**Try it:** From top to bottom, write out the listing exactly and skip every picture.

**Available data:**
------------

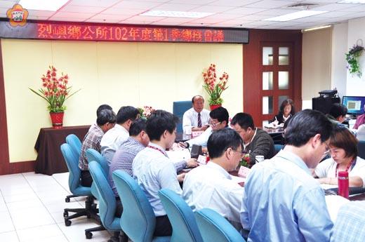 烈嶼鄉公所日前辦理「烈嶼鄉公所一○二年度第一季鄉務會議」,針對過去工作進度及未來展望進行檢討及策勵未來。會中鄉長洪成發相當關心公所推動觀光的腳步及各項大小工程的進度等,洪成發並勉勵員工要能夠「熱心服務、實在積極」。 烈嶼鄉公所第一季鄉務會議,假烈嶼鄉公所二樓會議室舉行。會議由洪成發主持,有公所秘書方小萍及各課室主管及業務承辦人員及公所同仁、各村村長等出席參加會議。 會中,鄉長洪成發做出數點指示,他要求觀光客對於觀光路線之規畫要加快腳步,且應統計蒞臨小金門的遊客數量以利未來觀光政策之制定。而小金門推動電動車政策,也應儘速與計程車業者進行座談,降低民間反彈。此外今年芋頭節也應先行規劃,對於芋頭家族公仔的設計也要先進行,務必做到盡善盡美。 另洪成發重視鄉民健康,對於清潔隊剷除銀膠菊工作也相當關心,並指示持續剷除,同時對於鄉內大小建設的工程進度與相關問題要求相關單位務必確實掌握,確實驗收結案。並對日前遭媒體報導公所同仁上班摸魚一事,表示嚴禁同仁上班時間打電動及看漫畫,呼籲員工自愛。 秘書方小萍補充,公所重視職務代理制度,並籲請公所同仁熟悉職代業務,以免造成鄉親洽公不便,並且要注意電話禮貌,避免對詢問的鄉民們有不禮貌的態度。
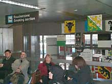 Our flight landed in Zurich and the first thing we noticed was the smell of cigarette smoke. There were NO SMOKING signs everywhere. Yet we smell the cigarette smoke. As we walked with our luggage, we discovered the source of the scent was a room at the junction of several hallways and stairs. See pictures above. We walked for a while and eventually we found our way through the Zurich airport to the car rental area. The clerk offered us a low cost Smart, one of the smallest cars in Europe. We declined the offer and took an Opal-Vectra that would hold both of us and our luggage.
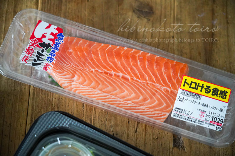 あ、あとねサーモンのお刺身が大きくて美味しそうだったから明日のご飯に使おうと買いました。

------------

**Answer to this problem:**
 烈嶼鄉公所日前辦理「烈嶼鄉公所一○二年度第一季鄉務會議」,針對過去工作進度及未來展望進行檢討及策勵未來。會中鄉長洪成發相當關心公所推動觀光的腳步及各項大小工程的進度等,洪成發並勉勵員工要能夠「熱心服務、實在積極」。 烈嶼鄉公所第一季鄉務會議,假烈嶼鄉公所二樓會議室舉行。會議由洪成發主持,有公所秘書方小萍及各課室主管及業務承辦人員及公所同仁、各村村長等出席參加會議。 會中,鄉長洪成發做出數點指示,他要求觀光客對於觀光路線之規畫要加快腳步,且應統計蒞臨小金門的遊客數量以利未來觀光政策之制定。而小金門推動電動車政策,也應儘速與計程車業者進行座談,降低民間反彈。此外今年芋頭節也應先行規劃,對於芋頭家族公仔的設計也要先進行,務必做到盡善盡美。 另洪成發重視鄉民健康,對於清潔隊剷除銀膠菊工作也相當關心,並指示持續剷除,同時對於鄉內大小建設的工程進度與相關問題要求相關單位務必確實掌握,確實驗收結案。並對日前遭媒體報導公所同仁上班摸魚一事,表示嚴禁同仁上班時間打電動及看漫畫,呼籲員工自愛。 秘書方小萍補充,公所重視職務代理制度,並籲請公所同仁熟悉職代業務,以免造成鄉親洽公不便,並且要注意電話禮貌,避免對詢問的鄉民們有不禮貌的態度。
 Our flight landed in Zurich and the first thing we noticed was the smell of cigarette smoke. There were NO SMOKING signs everywhere. Yet we smell the cigarette smoke. As we walked with our luggage, we discovered the source of the scent was a room at the junction of several hallways and stairs. See pictures above. We walked for a while and eventually we found our way through the Zurich airport to the car rental area. The clerk offered us a low cost Smart, one of the smallest cars in Europe. We declined the offer and took an Opal-Vectra that would hold both of us and our luggage.
 あ、あとねサーモンのお刺身が大きくて美味しそうだったから明日のご飯に使おうと買いました。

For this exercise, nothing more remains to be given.